*EXERCISE DIRECTIONS*
Copy word for word the lines of the records below, beginning at the one with "A gyorsabb töltés" and finishing at the one with "Let your attitude", ends included, but none of the pictures.

*DATASET RECORDS*
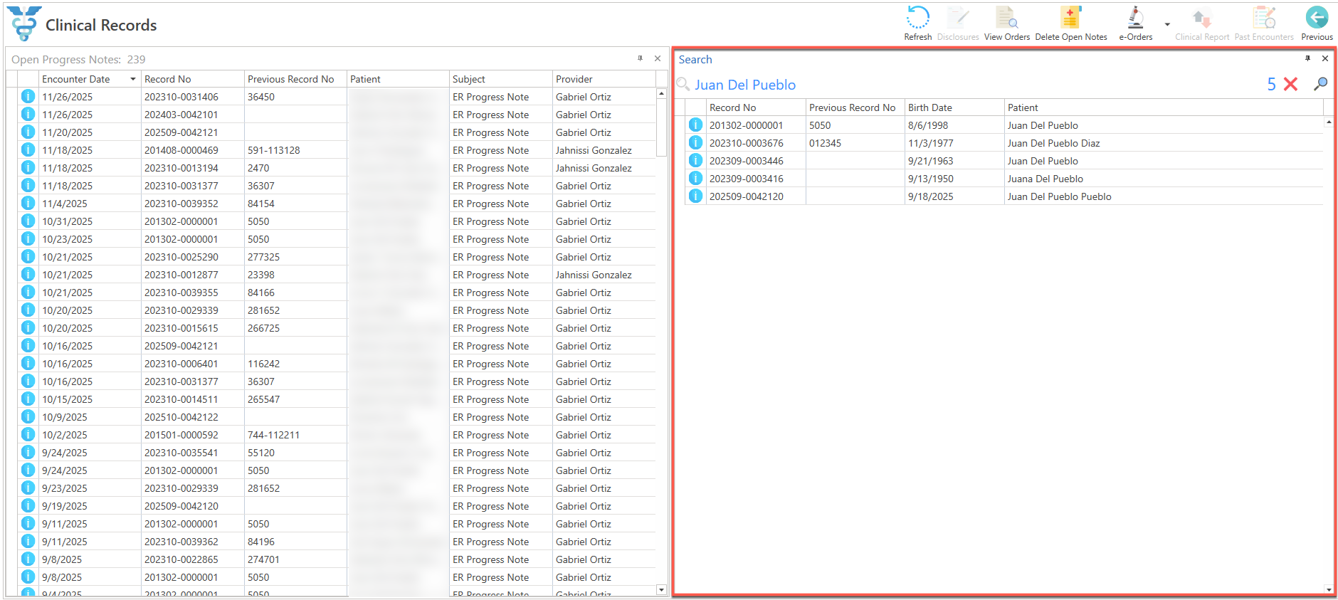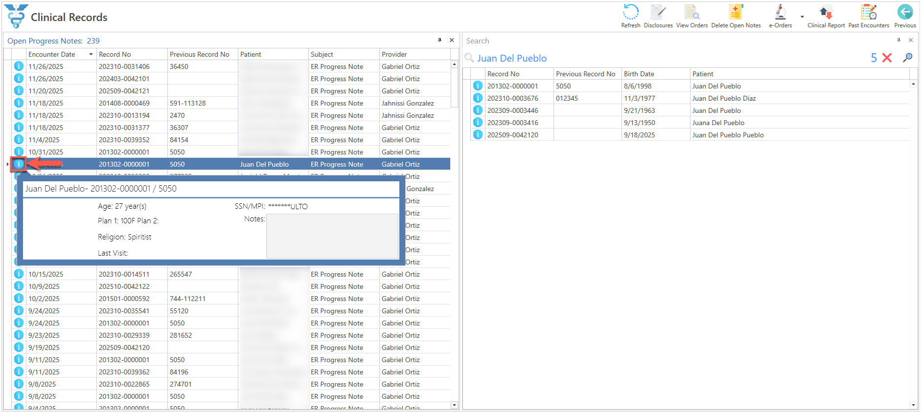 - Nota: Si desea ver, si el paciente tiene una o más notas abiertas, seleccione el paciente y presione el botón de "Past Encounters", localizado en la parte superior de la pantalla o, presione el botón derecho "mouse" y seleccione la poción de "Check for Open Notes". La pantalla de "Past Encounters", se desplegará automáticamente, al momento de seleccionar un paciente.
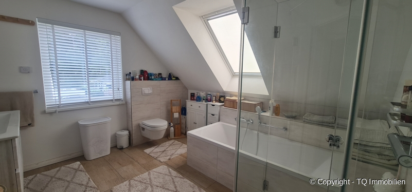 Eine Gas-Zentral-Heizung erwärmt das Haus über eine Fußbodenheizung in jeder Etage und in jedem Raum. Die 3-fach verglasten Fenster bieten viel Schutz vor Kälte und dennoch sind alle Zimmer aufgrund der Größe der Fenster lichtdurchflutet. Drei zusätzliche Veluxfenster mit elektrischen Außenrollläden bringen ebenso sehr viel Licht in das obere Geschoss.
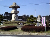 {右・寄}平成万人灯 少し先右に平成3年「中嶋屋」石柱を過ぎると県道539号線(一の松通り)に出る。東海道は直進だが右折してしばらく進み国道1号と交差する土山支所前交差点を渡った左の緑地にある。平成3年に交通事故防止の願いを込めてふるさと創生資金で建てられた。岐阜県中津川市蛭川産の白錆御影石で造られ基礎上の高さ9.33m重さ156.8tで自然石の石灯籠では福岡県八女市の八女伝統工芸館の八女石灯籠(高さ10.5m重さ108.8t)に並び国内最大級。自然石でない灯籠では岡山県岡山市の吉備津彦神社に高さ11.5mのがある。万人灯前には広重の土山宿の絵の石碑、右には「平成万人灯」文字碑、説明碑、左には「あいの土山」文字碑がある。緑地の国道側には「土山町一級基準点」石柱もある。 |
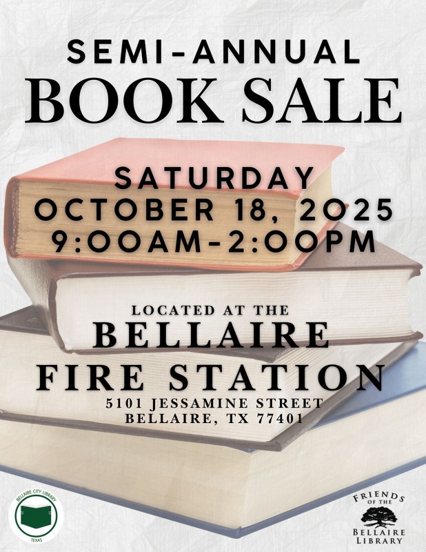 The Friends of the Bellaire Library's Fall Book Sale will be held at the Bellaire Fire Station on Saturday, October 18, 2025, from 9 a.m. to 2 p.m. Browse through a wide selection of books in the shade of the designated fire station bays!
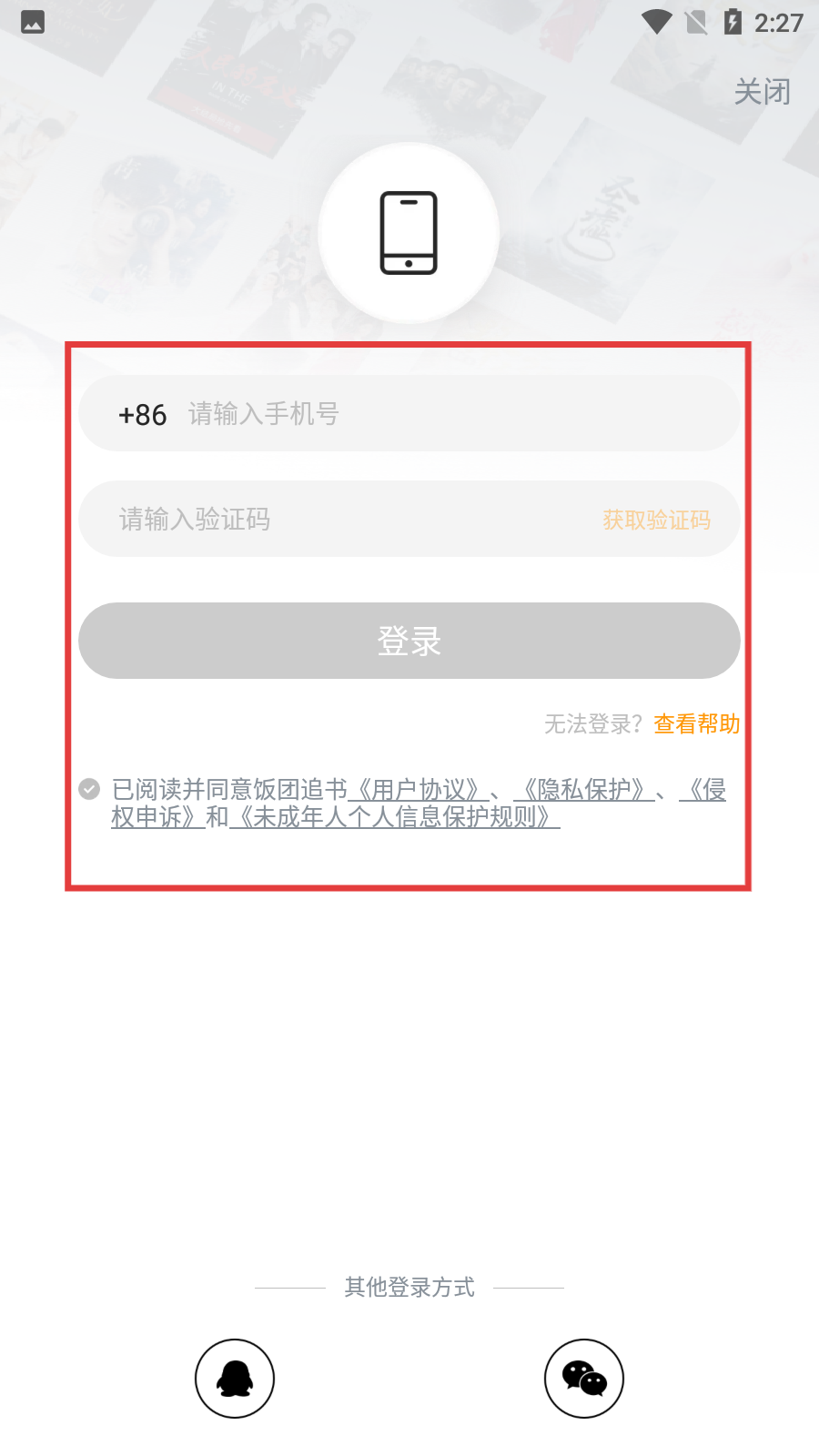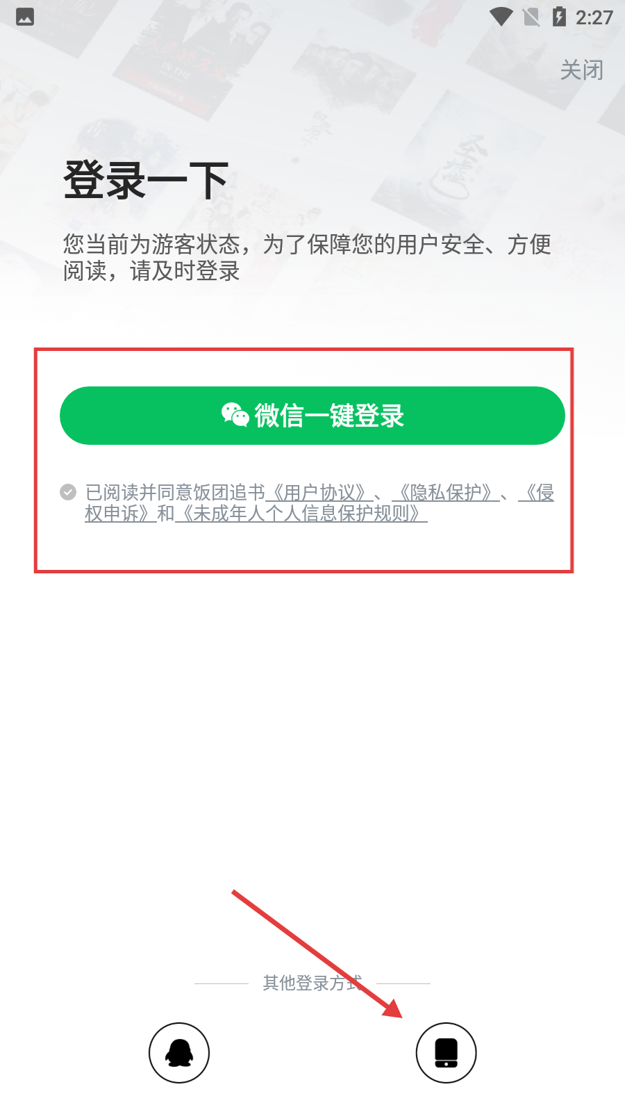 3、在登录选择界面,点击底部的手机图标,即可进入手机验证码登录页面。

---

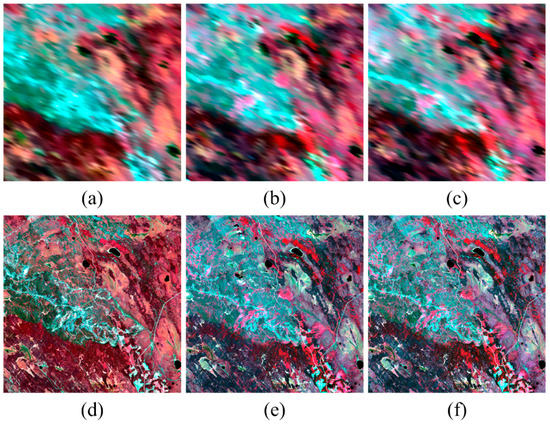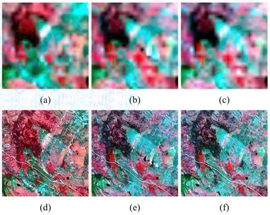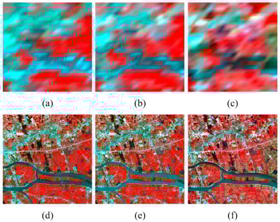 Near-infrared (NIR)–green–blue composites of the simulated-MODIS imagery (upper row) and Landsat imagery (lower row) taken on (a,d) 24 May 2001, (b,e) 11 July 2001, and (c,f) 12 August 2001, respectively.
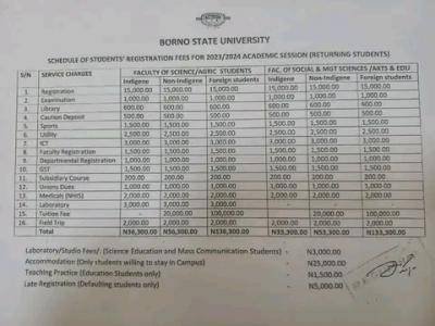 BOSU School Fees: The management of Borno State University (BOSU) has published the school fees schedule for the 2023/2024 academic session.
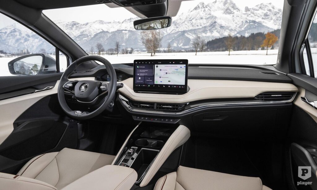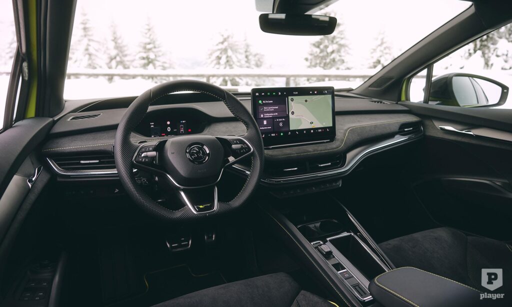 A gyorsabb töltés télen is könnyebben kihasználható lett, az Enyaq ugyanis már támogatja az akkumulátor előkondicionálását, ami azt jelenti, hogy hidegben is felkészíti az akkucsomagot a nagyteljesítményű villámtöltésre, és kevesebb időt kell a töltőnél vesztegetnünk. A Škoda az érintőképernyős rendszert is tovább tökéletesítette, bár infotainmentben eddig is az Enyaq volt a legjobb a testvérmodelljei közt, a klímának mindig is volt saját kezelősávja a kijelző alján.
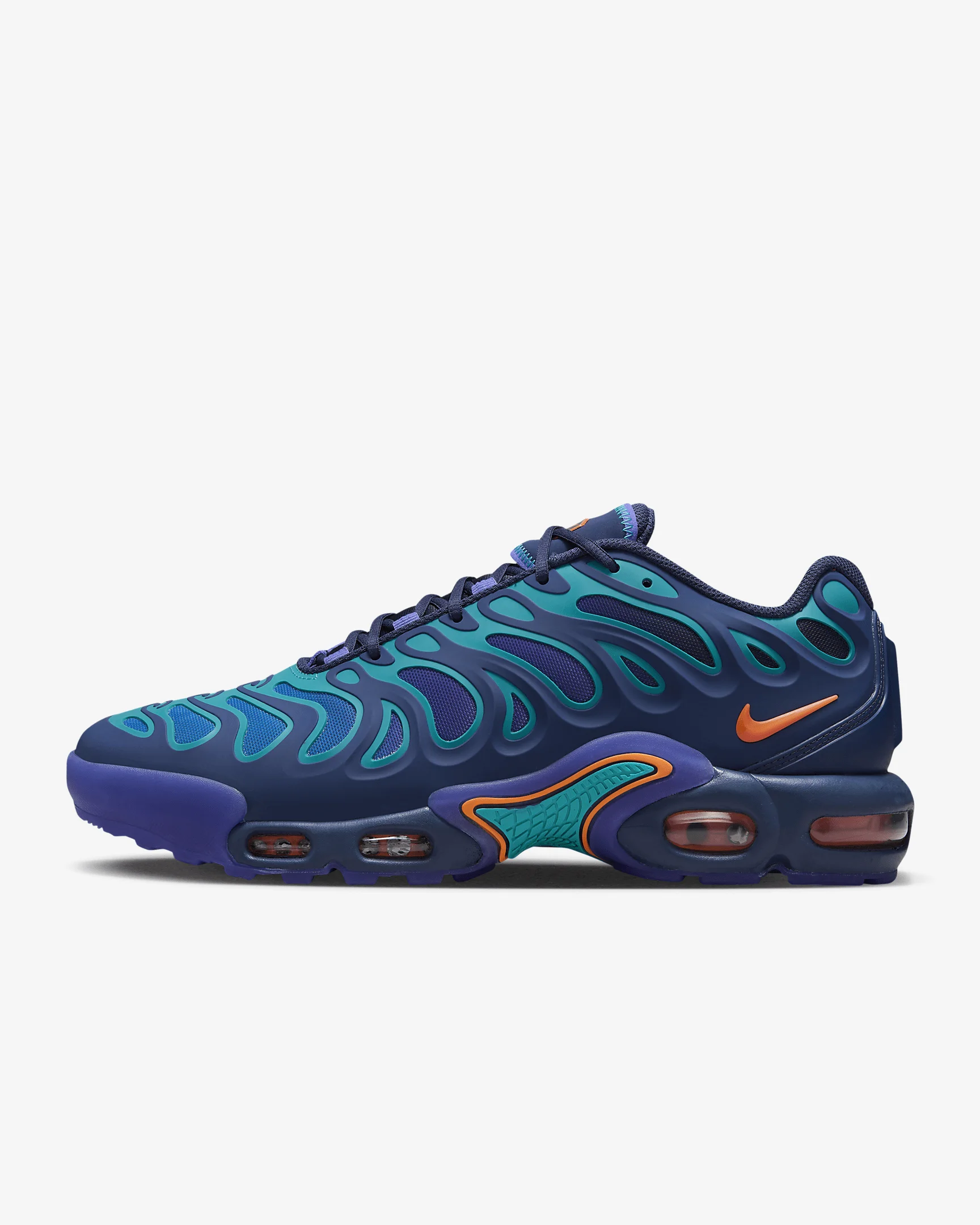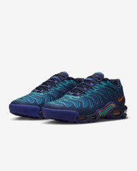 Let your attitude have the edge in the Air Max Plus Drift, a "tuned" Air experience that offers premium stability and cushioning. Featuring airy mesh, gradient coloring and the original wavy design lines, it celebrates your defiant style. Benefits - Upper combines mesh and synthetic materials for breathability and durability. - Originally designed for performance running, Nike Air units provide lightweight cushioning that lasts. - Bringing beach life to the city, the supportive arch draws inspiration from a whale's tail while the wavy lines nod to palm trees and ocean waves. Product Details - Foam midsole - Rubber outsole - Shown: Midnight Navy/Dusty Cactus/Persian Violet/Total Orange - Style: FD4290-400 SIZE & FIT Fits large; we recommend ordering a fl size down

*ANSWER SPACE*
 A gyorsabb töltés télen is könnyebben kihasználható lett, az Enyaq ugyanis már támogatja az akkumulátor előkondicionálását, ami azt jelenti, hogy hidegben is felkészíti az akkucsomagot a nagyteljesítményű villámtöltésre, és kevesebb időt kell a töltőnél vesztegetnünk. A Škoda az érintőképernyős rendszert is tovább tökéletesítette, bár infotainmentben eddig is az Enyaq volt a legjobb a testvérmodelljei közt, a klímának mindig is volt saját kezelősávja a kijelző alján.
 Let your attitude have the edge in the Air Max Plus Drift, a "tuned" Air experience that offers premium stability and cushioning. Featuring airy mesh, gradient coloring and the original wavy design lines, it celebrates your defiant style. Benefits - Upper combines mesh and synthetic materials for breathability and durability. - Originally designed for performance running, Nike Air units provide lightweight cushioning that lasts. - Bringing beach life to the city, the supportive arch draws inspiration from a whale's tail while the wavy lines nod to palm trees and ocean waves. Product Details - Foam midsole - Rubber outsole - Shown: Midnight Navy/Dusty Cactus/Persian Violet/Total Orange - Style: FD4290-400 SIZE & FIT Fits large; we recommend ordering a fl size down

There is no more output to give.